• _Data section_:
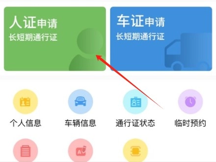 2、进入后点击人证申请/车证申请
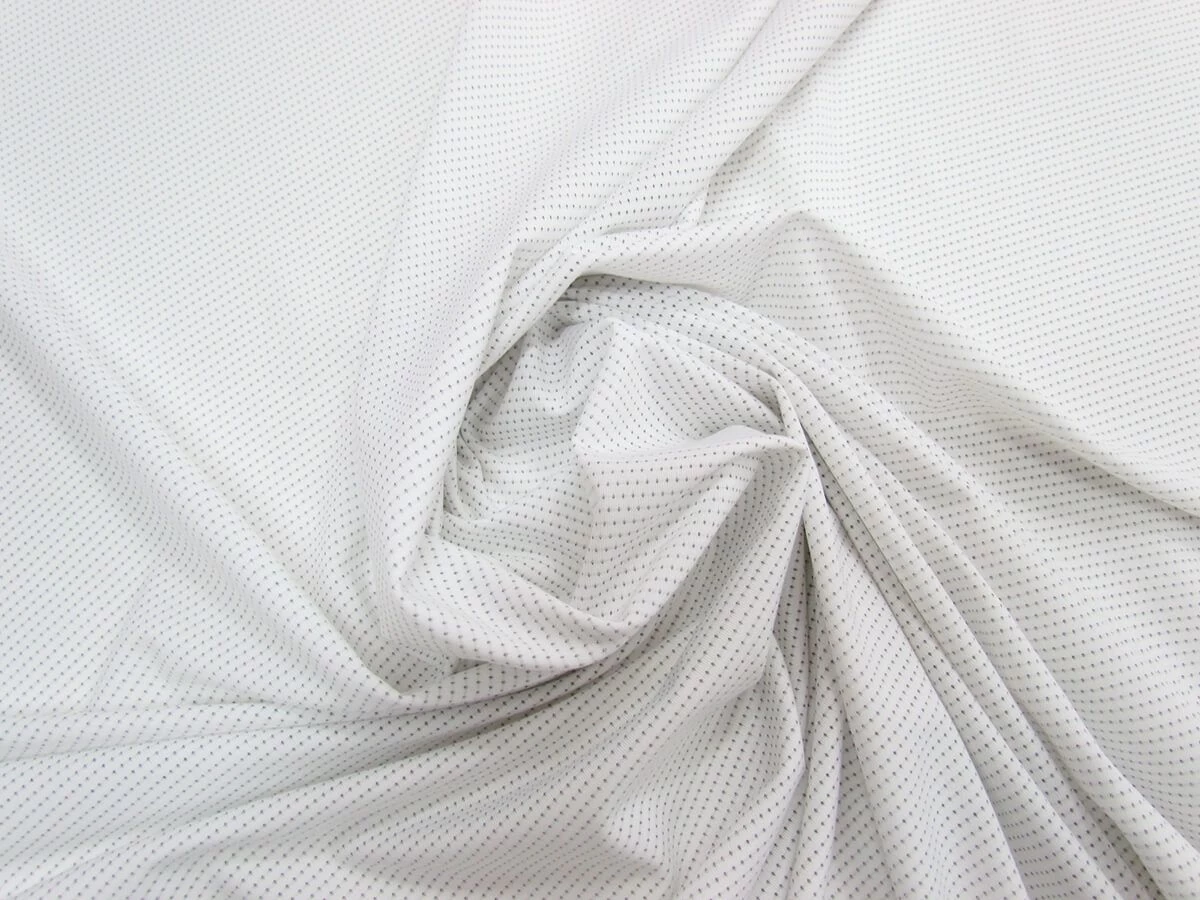 The feel of this lining is pretty typical of a swimwear lining / sports lining, soft with a slight texture, though with a tiny eyelet hole detail in the knit. This lining fabric has some stretch and return in all directions, with the best stretch being along the warp of the fabric, and then a little give along the weft. This lining fabric is semi-opaque, and sheers more when stretched.
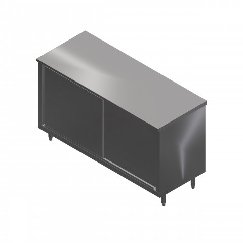 Work Table, cabinet base with sliding doors, 72"W x 24"D, 16/300 stainless steel flat top, Stallion Safety Edge front, 18/430 stainless steel body, stainless steel legs with adjustable feet, NSF
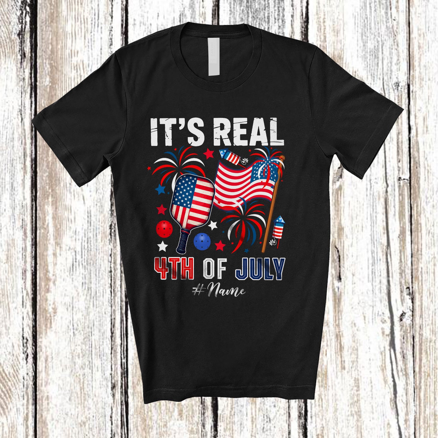 Personalized It's Real 4th of July; Amusing Custom Name Pickleball Tools Player US Flag; Patriotic T-Shirt

• _Prompt_:
Give the listing again word for word, without its images.

• _Output of the exercise_:
 2、进入后点击人证申请/车证申请
 The feel of this lining is pretty typical of a swimwear lining / sports lining, soft with a slight texture, though with a tiny eyelet hole detail in the knit. This lining fabric has some stretch and return in all directions, with the best stretch being along the warp of the fabric, and then a little give along the weft. This lining fabric is semi-opaque, and sheers more when stretched.
 Work Table, cabinet base with sliding doors, 72"W x 24"D, 16/300 stainless steel flat top, Stallion Safety Edge front, 18/430 stainless steel body, stainless steel legs with adjustable feet, NSF
 Personalized It's Real 4th of July; Amusing Custom Name Pickleball Tools Player US Flag; Patriotic T-Shirt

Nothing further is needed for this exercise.